My first Australian book for the year. I always put it off, but when I get started I can't put it down no matter how it affects me. And I get affected in a few ways.
I have lived in Canada for a little over twenty five years now, and as good as my life here is, it just isn't Australia (to be specific Canberra). I have lived in Canada more than I ever lived in Canberra, and the last time I went home I realised how displaced I was. Everything was sublimely wonderful while I was there, but I knew that it was no longer what was familiar. I had forgotten a lot in twenty years absense.
I have been working on being more Australian since my visit in '06, in the ways that matter to me and in the ways that I was not able to indulge in when I lived there, and one of those was to catch up in Autralian literature ( I had always dreamed of studying it at the Australian National University in Canberra). I have missed out on a lot in my life, and I'm making up for it now. Now that I am free to make some choices, find new interests and indulge in what used to be just impossible dreams.
Phew. That all being said, I thought that the best place to start would be with award winning books and The Miles Franklin Award seemed to be the best of all, the criteria being that the Award is presented each year to a novel which is of the highest
literary merit and presents Australian life in any of its phases. It has always been a good way for me to get into something new, reading award winner books. It's a solid method for pointing me in the right direction towards other Australian authors, and publishers.
The Irishman by Elizabeth O'Connor is quite similar to others I have read from that time (the 1920's era), but I found it different too. The slang was unfamiliar (and also quite funny), one phrase in particular referring to someone who talks a lot as a 'magpie' (you would have to have heard a magpie to understand that one, I'm sorry), and after that making the phrase into a verb "magging".
The racist labels for the local aborigines really bothered me, and the attitude towards them was uncomfortable for me too. But I always try to take an anthropological view point to such things. This is what it was like then.

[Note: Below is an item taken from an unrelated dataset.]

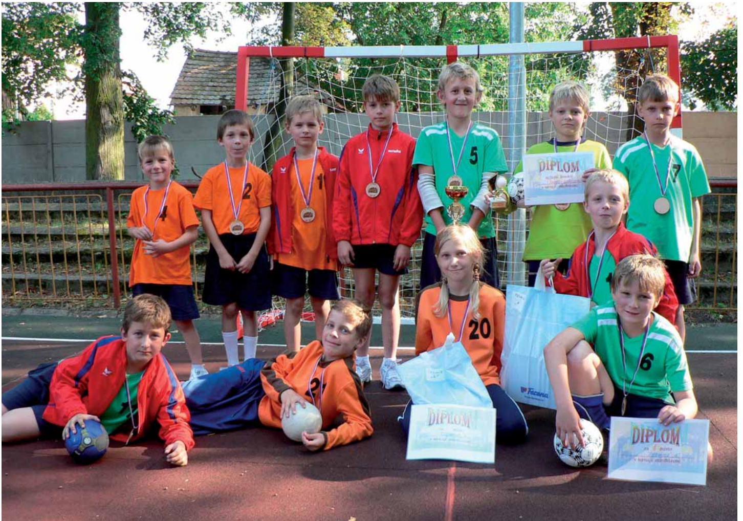
120 let existence telnické školy si naši žáci připomněli sportovním dnem, jehož průběh přibližuje článek na straně 8

I try not to judge, just observe.
The overall feeling though was Australia at it's most basic essence. I could just picture what it was like there in the Gulf Country. Imagine the warmth radiating from the ground, the smell from the Gums and the Tea trees. Billy tea and damper. The storms that would appear out of nowhere in absolute exciting splendor, the black clouds, flashes of lightning and tremendous heart-stopping thunder. That delicious smell of the first bit of rain hitting the ground.
Which brings me to the other way reading such literature affects me. I get homesick. It's not something I like to feel. It makes it easier when I read stories from different eras, because that doesn't seem as real to me, but all the same, I wish I was there, experiencing rather than just remembering it.